I was reading through people's favourites in a thread somewhere here and remember seeing this on your list, as well as quite a few others I concurred with. Anyway, I too love this movie. In fact, it's probably time for a revisit.

Posted: Fri Nov 11, 2011 12:24 pm
by deer of the dawn
Shaun das Schaf wrote:
Vraith wrote:A serious tangent, but related to pace [and IMO, can be extended in another direction to speak on volume]:
Paul Virilio...despite some problems in his thought...has a lot of interesting things to say on speed. Here's a very short teaser [or anti-teaser since some might find it immediately not worth their time to go further with it].
www.daaq.net/folio/bibliography/b_virilio.html
Thanks for the link Vraith, looks like an interesting read. Particularly like Peter's comments re: a perpetual state of crisis:
The hazard of this fixation on speed is that has structured the world to function in a constant state of crisis, an unending cold war of environmental and economic exploitation.
The culture that develops out of this permenant state of crisis is a culture that is fixated on security; security and speed: who can protect theselves best and fastest. The result is a war waged in time instead of in distance. The physical world ceases to be the battle field and instead the battle becomes one of ideologies and economics and speed
and from the book itself:
... the more speed increases, the faster freedom decreases.
Ironically, I didn't have time just now to read the article (saving it for later) but I am intrigued. It makes me think of how this generation is searching for significance; crisis, real or fabricated, "feels" significant. Hence the appeal of movies that not just sustain crisis from beginning to end, but layer and complicate them (think of Inception, which almost anyone I've talked to had to see it more than once to understand all that happened; or of Transformers 3, which I don't plan to see, but even reviewers said that so much was going on onscreen it was almost impossible even visually to figure it all out).

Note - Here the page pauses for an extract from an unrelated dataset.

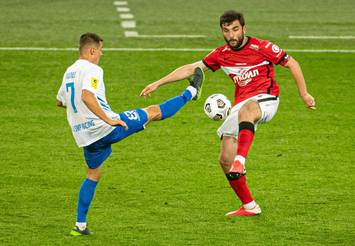 Московский «Спартак» дома сыграл вничью 2:2 с «Сочи» в матче 1-го тура РПЛ сезона-2020/21. К 10-й минуте хозяева повели 2:0 после голов Александра Соболева и Джордана Ларссона. В составе сочинцев отличились Дмитрий Полоз на 15-й минуте и Кристиан Нобоа на 90-й, оба игрока реализовали пенальти, назначение которых вызвало большие споры. Составы команд: «Спартак» (Москва): Максименко, Джикия, Жиго, Маслов (Гапонов, 53), Айртон, Зобнин, Бакаев (Умяров, 77), Глушенков (Понсе, 54), Крал, Соболев, Ларссон. «Сочи»: Джанаев, Терехов, Маргасов, Цаллагов, Заика, Мевля, Новосельцев (Набиуллин, 72), Миладинович, Бурмистров (Немченко, 65), Нобоа, Полоз (А.Заболотный, 84). Голы: Соболев, 8 (1:0). Ларссон, 10 (2:0). Полоз, 15 — с пенальти (2:1). Нобоа, 90 — с пенальти (2:2). Пенальти в ворота «Спартака» назначен ошибочно. Казарцев отстранен от работы — Что теперь будет с Казарцевым? — Арбитр Казарцев отстранен от судейства. В отношении видеоассистента Еськова проведут разбирательство (по да

Now, I love a convoluted, multilayered plot (An Instance of the Fingerpost by Iain Pears is one of my all-time favorite reading experiences) but where does complexity become empty compression? :?

Posted: Wed Dec 21, 2011 6:29 pm
by Krazy Kat
Hi DOTD,

I've sometimes tried to define movie pacing. But have never been sure how to tell if the movie was well paced or was it simply because I personally enjoyed it.

Giving this some thought, I suppose the movie makers can use "the vehicle" to help pace it out. The obvious being something in motion, from Easy Rider to Thelma and Louise, Hitchcock's - Strangers on a Train, or even North by Northwest - where the camera doesn't have to move for the motion is aready there in the background.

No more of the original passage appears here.